Diagnosed with stage 3 colorectal cancer at just 38 years old, Jimmy Zannon was a far cry from the “typical” patient. Colorectal cancer was once (and often is still) considered a disease of the elderly. With the average age of diagnosis being 68 in men and 72 in women, it’s no surprise that people find it hard to believe colorectal cancer is diagnosed in individuals in their 20s and 30s.
The thing about colorectal cancer is that many of the symptoms associated with it can often be explained by other medical problems, such as constipation or irritable bowel syndrome (IBS). It makes sense that medical professionals do not always jump to cancer when they have a young patient presenting with seemingly common problems.
“I started to notice blood in my stool and didn’t think much of it,” says Jimmy. “After a few months I went in to my primary care physician and he diagnosed me with an external tear.”
After a few more months, Jimmy noticed that the symptoms were getting more severe and more frequent. He went back in to the doctor and, upon examination, decided that there was not tear and that Jimmy needed to see a GI specialist and get a colonoscopy.

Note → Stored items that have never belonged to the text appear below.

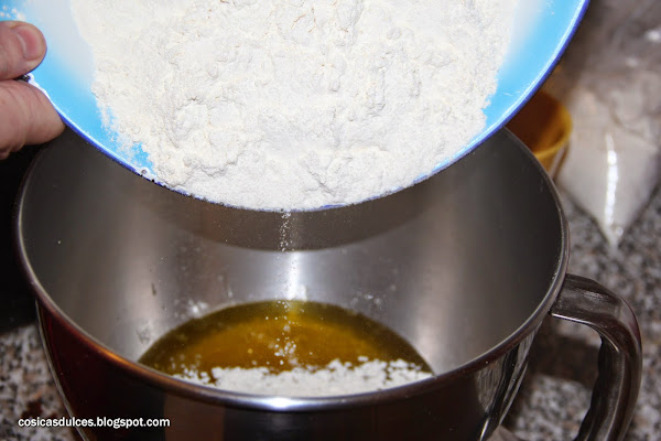 Finalmente añadimos la harina y amasamos hasta obtener una masa durita y brillante.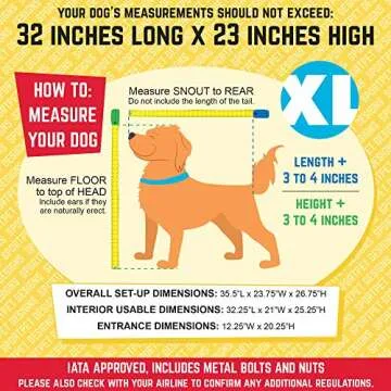 Show moreIntroducing the SportPet Designs Plastic Kennels Rolling Plastic Airline Approved Wire Door Travel Dog Crate, the perfect traveling companion for your furry friend! Made from sturdy and durable plastic, this X-Large kennel measures under 32” L x 24” H, making it ideally suited for larger breeds while ensuring compliance with airline regulations. With an IATA approval, this kennel is designed for safe travel, equipped with two dishes, four live animal stickers, and included metal bolts and nuts for secure assembly. Say goodbye to cumbersome crates and hello to effortless travel!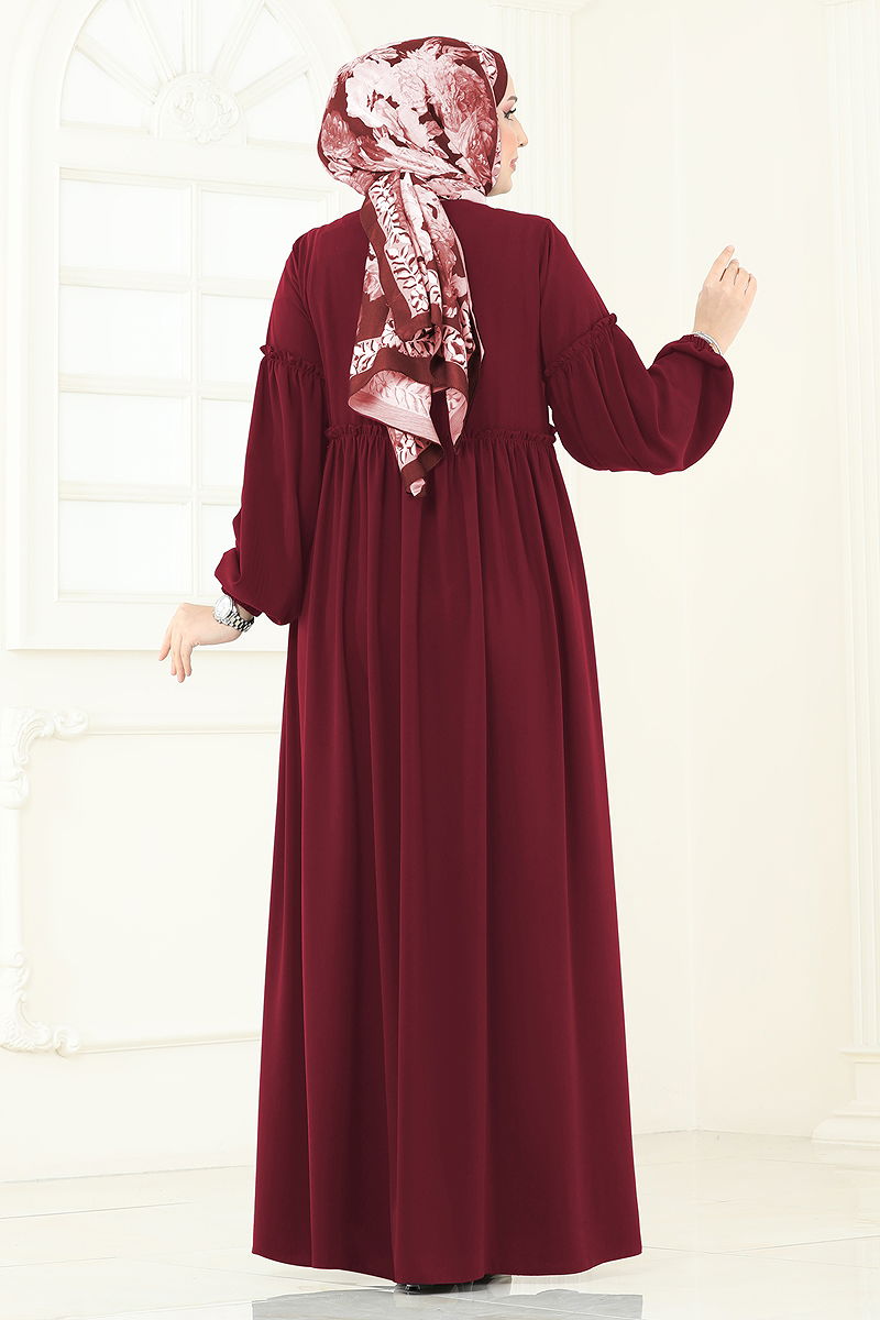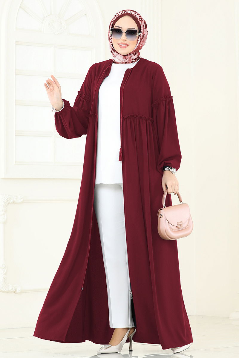 Önden Fermuarlı Medine İpeği Ferace 2638SL432 Bordo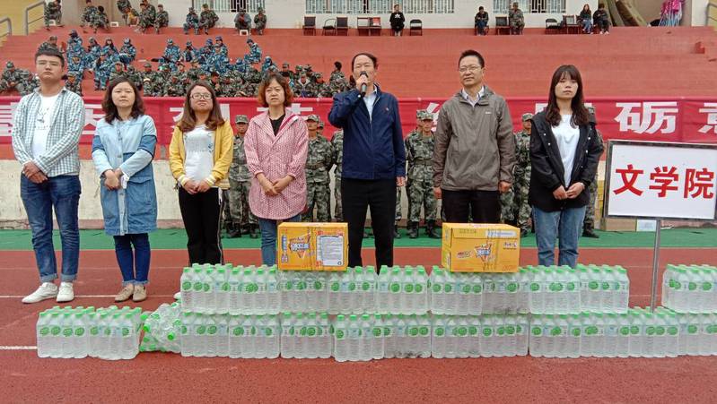 9月17日上午,公司党总支书记郑建勤、副经理张彦荣、学工办、辅导员老师张春霓、白美丽、贾娜以及员工会成员在新生军训休息间隙慰问军训教官和2019级军训新生。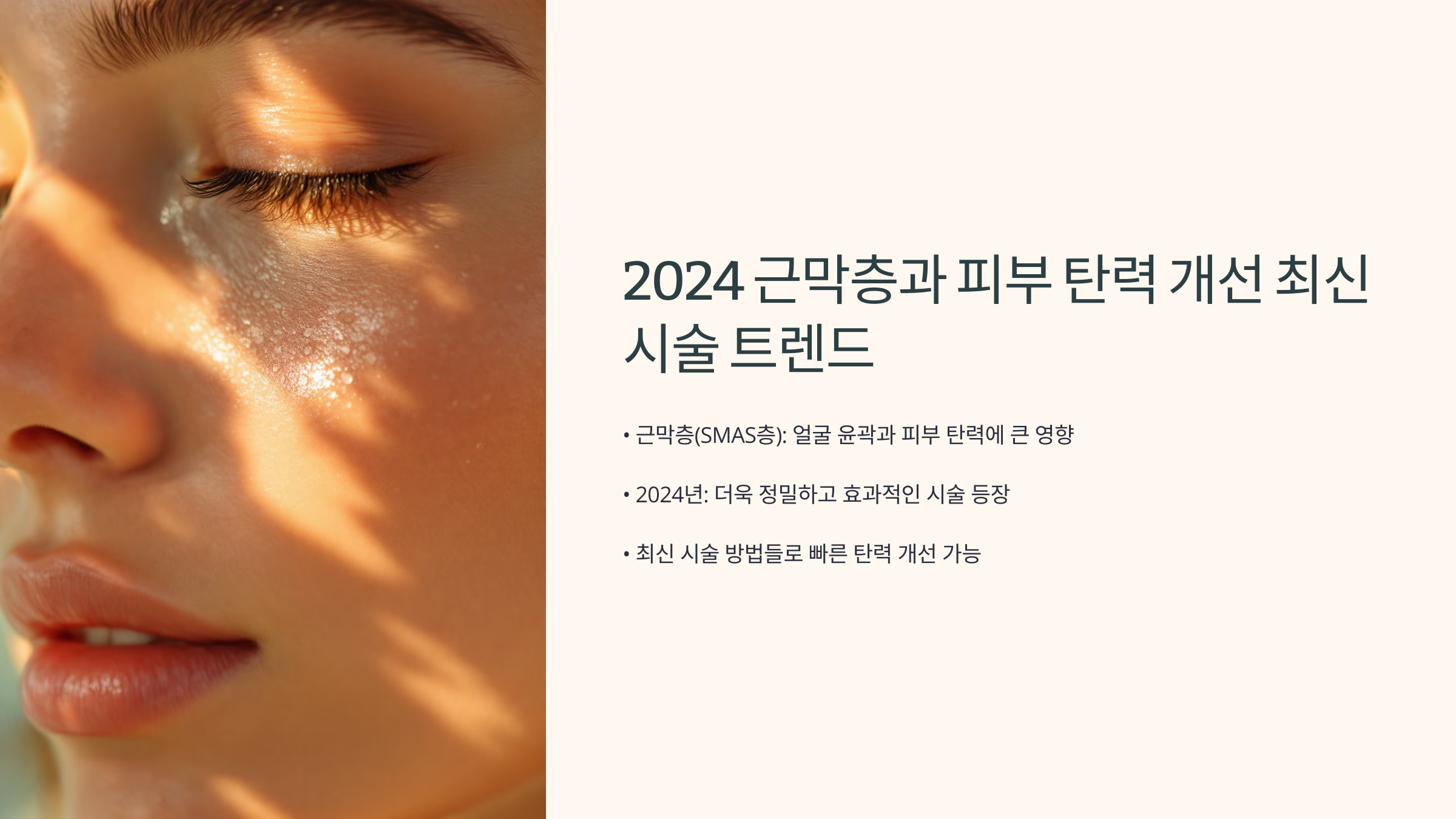 피부가 처지는 현상은 누구에게나 찾아오는 자연스러운 노화의 과정이지만, 이를 방치하지 않고 관리한다면 훨씬 더 오랜 시간 동안 탄탄한 피부를 유지할 수 있습니다. 특히 근막층(SMAS층)은 얼굴 윤곽과 피부 탄력에 큰 영향을 미치는 층이라, 요즘 가장 뜨거운 피부 시술 트렌드로 자리 잡고 있습니다. 저도 탄력을 유지하고 싶은 마음에 관련 정보를 찾아보다 보니, 2024년에는 더욱 정밀하고 효과적인 시술들이 등장했다는 걸 알게 되었습니다. 이번 글에서는 근막층과 피부 탄력을 빠르게 개선할 수 있는 최신 시술 방법들을 소개해 보겠습니다.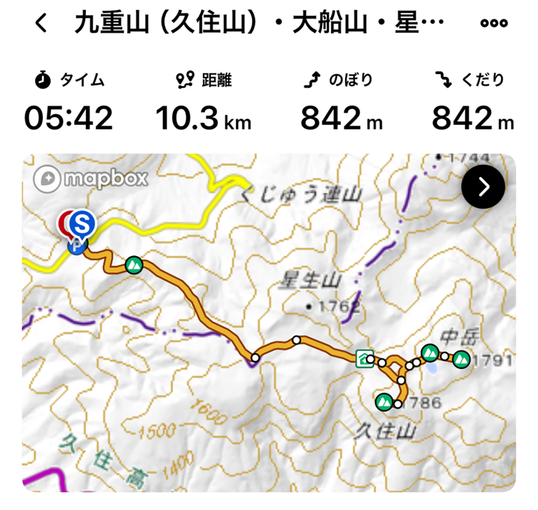 | 牧ノ戸峠登山口6:50→中岳9:40→久住山10:40→九住分かれ11:40→牧ノ戸峠登山口13:30→宿(泊) |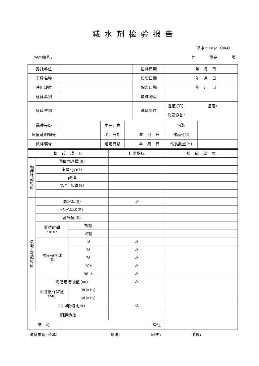 表格名称:004 减水剂检验报告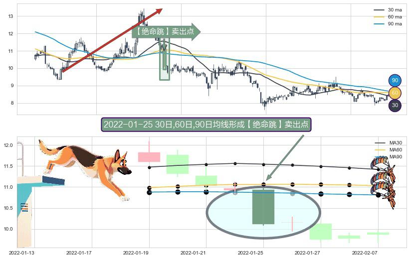 形态多维评估: ⚀ 2022-01-25日显现 30日-60日-90日均线 【绝命跳】卖出点 看空信号,后市看跌,卖出

“I scheduled the colonoscopy for July of 2017 but cancelled it when I found out it was not covered by my insurance and the cost was incredibly high,” he explains. “It took my wife basically kicking me in the butt to finally go in for the procedure in the fall when my symptoms continued to get worse.”
Currently, insurers are not required to cover colonoscopies for people under 50. Even with the American Cancer Society now recommending that people start their screening at 45, many insurances will not cover the procedure until they are 50 years old.

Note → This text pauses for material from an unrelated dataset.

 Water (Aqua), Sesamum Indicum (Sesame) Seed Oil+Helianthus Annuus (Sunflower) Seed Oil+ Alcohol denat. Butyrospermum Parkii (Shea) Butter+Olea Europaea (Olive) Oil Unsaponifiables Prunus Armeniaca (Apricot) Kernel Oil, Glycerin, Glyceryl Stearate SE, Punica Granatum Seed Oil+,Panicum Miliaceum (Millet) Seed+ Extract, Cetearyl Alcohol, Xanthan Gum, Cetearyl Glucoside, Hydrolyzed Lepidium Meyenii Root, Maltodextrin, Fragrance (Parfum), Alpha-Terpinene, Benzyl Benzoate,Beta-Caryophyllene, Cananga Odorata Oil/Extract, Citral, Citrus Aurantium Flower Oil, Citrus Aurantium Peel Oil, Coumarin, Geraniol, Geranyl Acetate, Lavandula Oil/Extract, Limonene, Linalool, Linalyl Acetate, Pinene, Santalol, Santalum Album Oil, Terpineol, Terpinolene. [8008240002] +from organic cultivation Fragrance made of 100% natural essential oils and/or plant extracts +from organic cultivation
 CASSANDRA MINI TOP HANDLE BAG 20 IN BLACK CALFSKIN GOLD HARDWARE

“I went in to the colonscopy thinking I had a bleeding hemorrhoid and came out with stage 3 cancer,” says Jimmy. “No one—not me, not my GI specialist, not my wife—could believe it. I have no history of the disease in my family and am a relatively healthy guy. It was shocking.”

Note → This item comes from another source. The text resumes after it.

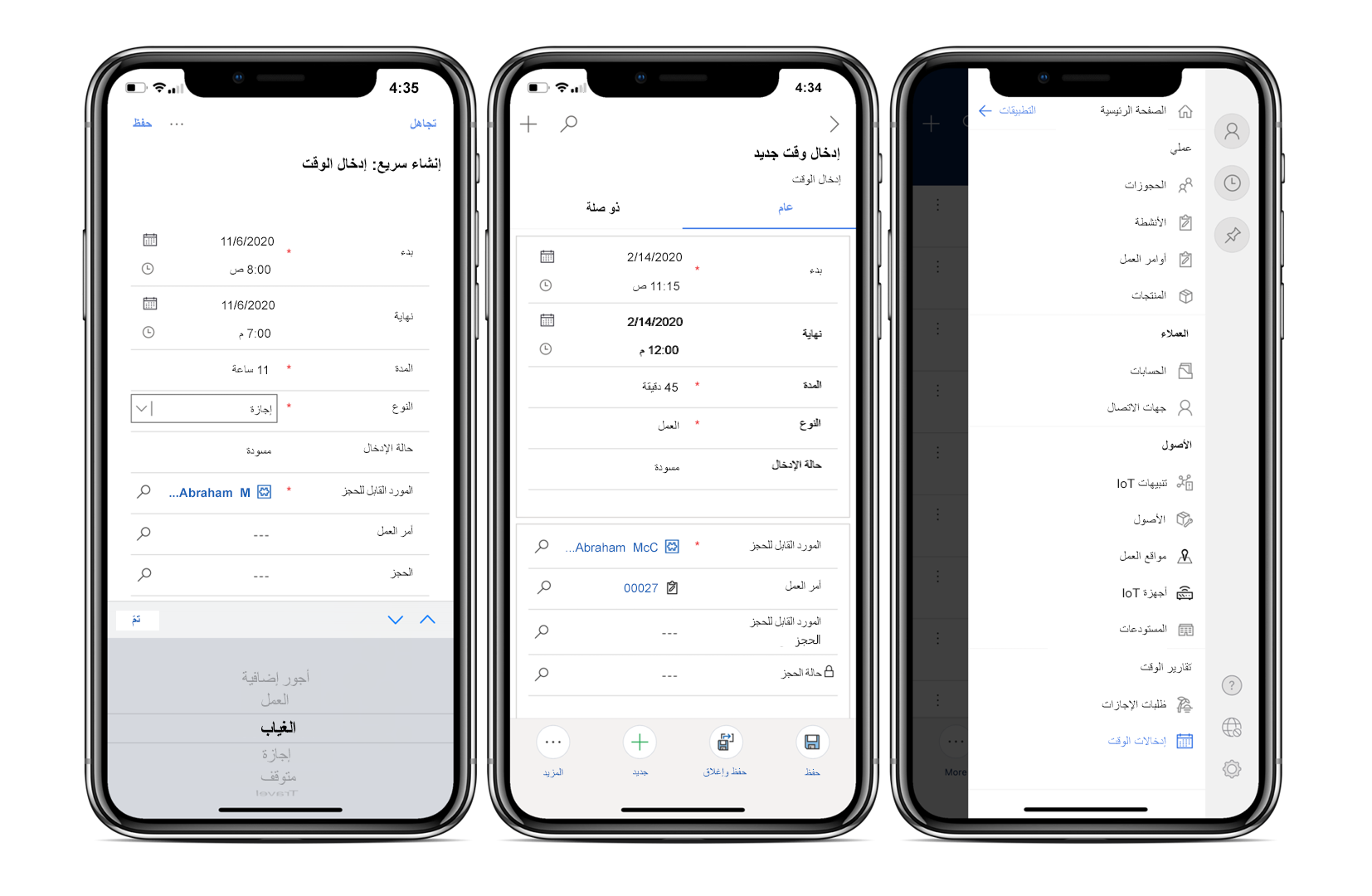 فيمَا يلي لقطة شَاشة توضح كيفِية إنشَاء إدخَال الوقت فِي تطبيق Field Service Mobile.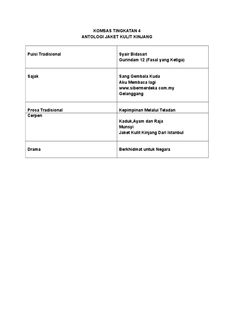 That picture (nota komsas tingkatan 4 yang sangat meletup nota cerpen munsyi) over is classed having: Persoalan tentang kesyukuran terhadap kebesaran tuhan. Komponen sastera dan novel bm / bahasa melayu. Online uitm edu my surat tawaran occupational safety and health administration osha legislation is an example of quizlet office space for rent los angeles ca online. Antologi tingkatan 4 jaket kulit kijang dari istanbulanimasi cerpendireka cipta oleh myteach sdn bhdproduk dalam bentuk powerpoint atm (advance te.

After doing some research and talking to people in the medical community (Jimmy’s wife works at Children’s Hospital Colorado on the University of Colorado Anschutz Medical Campus), the pair decided that Jimmy would get the best treatment at the University of Colorado Cancer Center under the care of Christopher Lieu, MD.
Between 15 weeks of infusion chemotherapy combined with twice-daily oral chemotherapy, five weeks of five-day-a-week radiation, and a surgery to remove two inches of his colon plus 15 lymph nodes, Jimmy had, in his own words, “a whirlwind of treatment.”
“I have two young kids, a wife, and a career. It was scary going in to treatment knowing that I was the main provider for my family and not knowing how it was going to affect us,” he says.
Jimmy was able to keep working for the duration of his treatment. Side effects from the chemotherapy were minimal and included neuropathy and fatigue.
After the final part of my treatment plan, which was the surgery, I took a month off of work and then got right back in to my normal life again,” says Jimmy. “In that aspect, I consider myself very lucky.”
As of December of 2018, Jimmy has no cancer in his body.
“I am feeling good,” he says. “There is always a little bit of fear knowing that there may still be something microscopic that could lead to more cancer, but for now I am just beyond grateful to be here and have my health back.”
Now, Jimmy wants to help spread the word of the increasing early onset colorectal cancer epidemic.
“If you have symptoms, please be an advocate for yourself,” he says. “Listen to your wife, listen to your body, and get yourself checked out.”